The name ‘Amityville’ has a great reputation in horror. This is mainly down to the popularity of The Amityville Horror (1979) a film based on a book that was based on a true story – or so it is said.
The original film was creepy enough for it to rank up there with the other notorious horror films of the period (such as The Omen and The Exorcist) and even spawn a bunch of sequels, remakes and related titles, the most recent of which being The Amityville Haunting.
This latest creation re-visits the infamous Amityville house (although it doesn’t really – in fact, you never see the house from a distance and so can’t tell if it really is the iconic building) as a new family decides to ignore the books, films and rumours and move in.
What follows is a found footage film that commits a crime of the worst kind – it claims to be ‘real’ footage.
Upon reading the opening titles and misguiding claims you could easily be tricked into thinking that what is about to commence has some potential. Perhaps it’s a documentary with footage of real events at the house? Wouldn’t that be great?

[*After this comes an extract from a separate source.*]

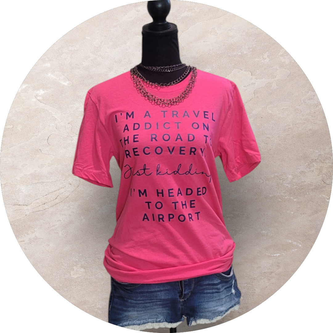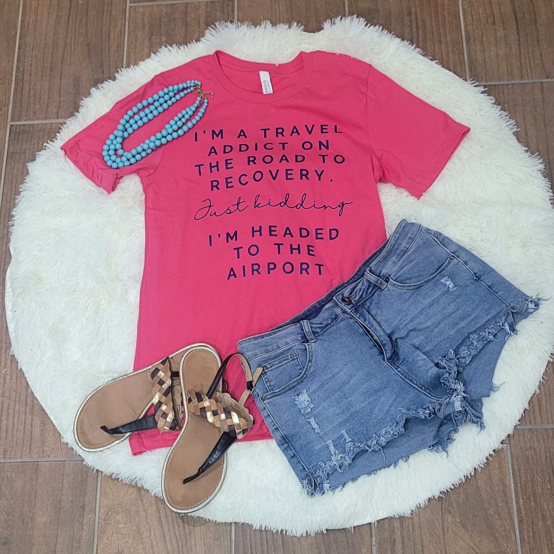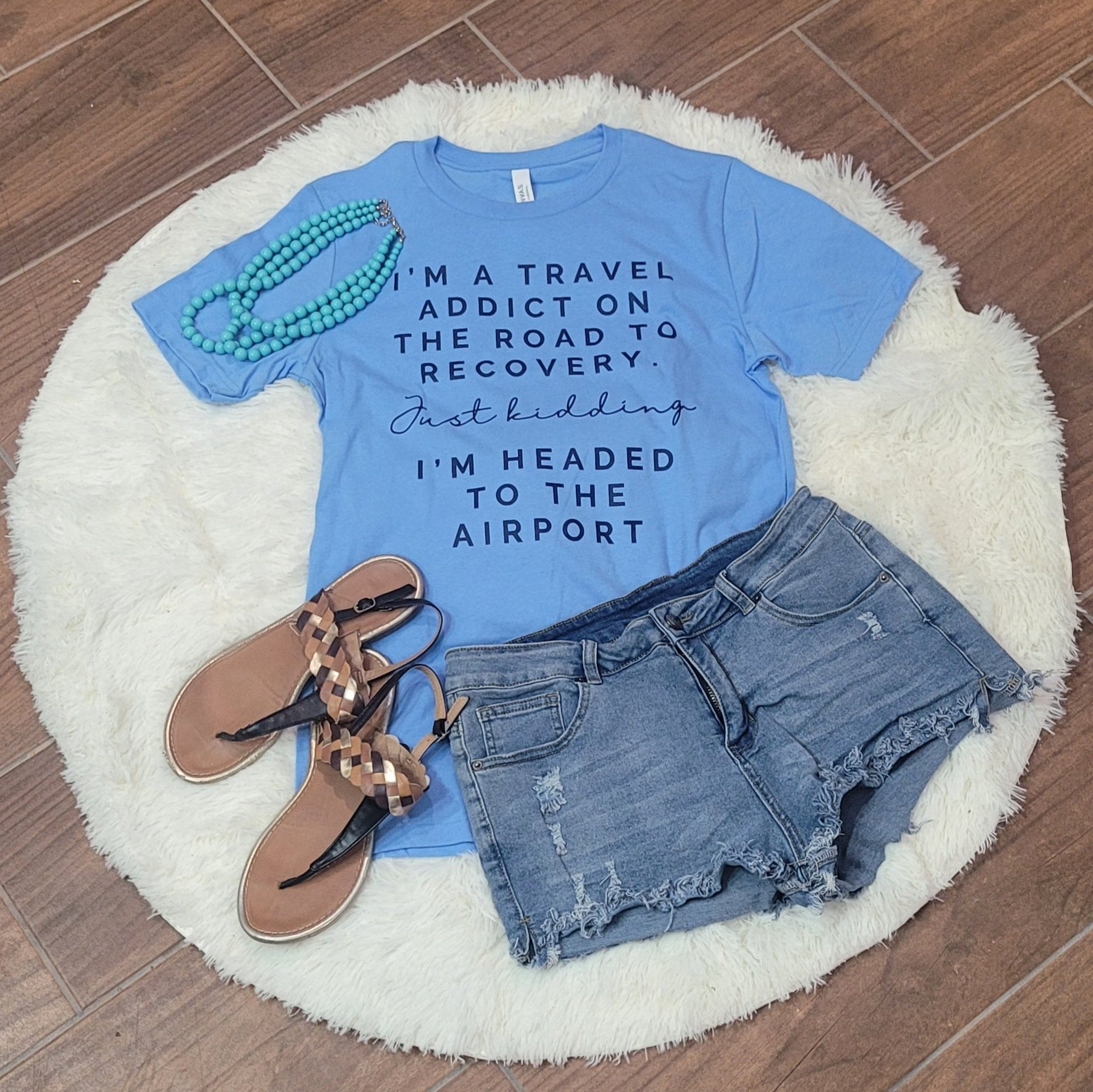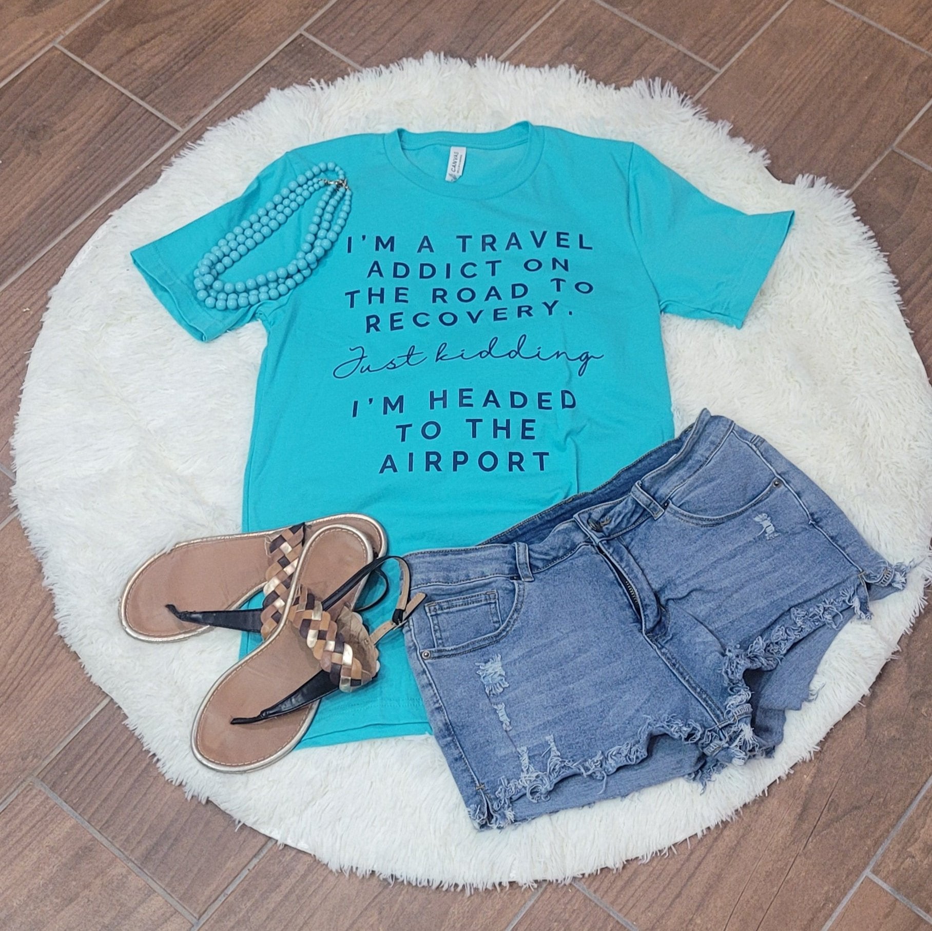 Are you a travel addict? Show off your love for exploring new destinations with our Travel Addict Tee. This short sleeve tee features a navy-blue graphic on the front that will make a statement wherever you go. Made with soft and comfortable fabric, it comes in bright colors such as fuchsia, bright aqua, and Carolina blue, making it the perfect addition to your travel wardrobe. Whether you're off on an adventure or just dreaming of your next getaway, this tee is a must-have for any travel enthusiast.

Unfortunately though, it isn’t like that at all.
Instead, what follows is 90 minutes of bad acting, supposedly caught on camcorders, security cameras and mobile phones (although actually shot with high-end equipment) documenting various strange, spooky happenings and various violent deaths – all made possible with the help of low budget CGI.
As the family witness a string alarming incidents without questioning why they choose to remain in the cursed house, you’re likely to question why you’re choosing to continue watching this film.
As the more subtle, and to some extent creepy occurrences build into increasingly unbelievable, fantastical events, the reactions of the characters seem to fizzle out. As they unconvincingly try to show emotions like fear and concern at this life threatening situation, the inconsistency of it all makes you appreciate just how awesome films like Paranormal Activity and The Blair Witch Project are.
It also bugs me that it’s shot so well (using high def cameras and good lighting). If you want to create a convincing found footage film, make it look as crappy as you like. It just adds to that authentic feel (Blair Witch again is an excellent example of this).
At no point does The Amityville Haunting seem real and because the film is based on this premise, no amount of CGI blood, crackly sound effects or cliched spooky moments can save it.
In some ways, The Amityville Haunting was unlucky to have caught me on the rebound of another deceptive and disappointing found footage film, Tape 407 (review to follow shortly).
The standard of acting in Amityville is reasonable enough for a low budget horror and I have witnessed a lot worse as far as plot and effects go.
But the fact that it has the gall to ride on the reputation of a horror classic and claim to be ‘real’ scores many minus points in my book.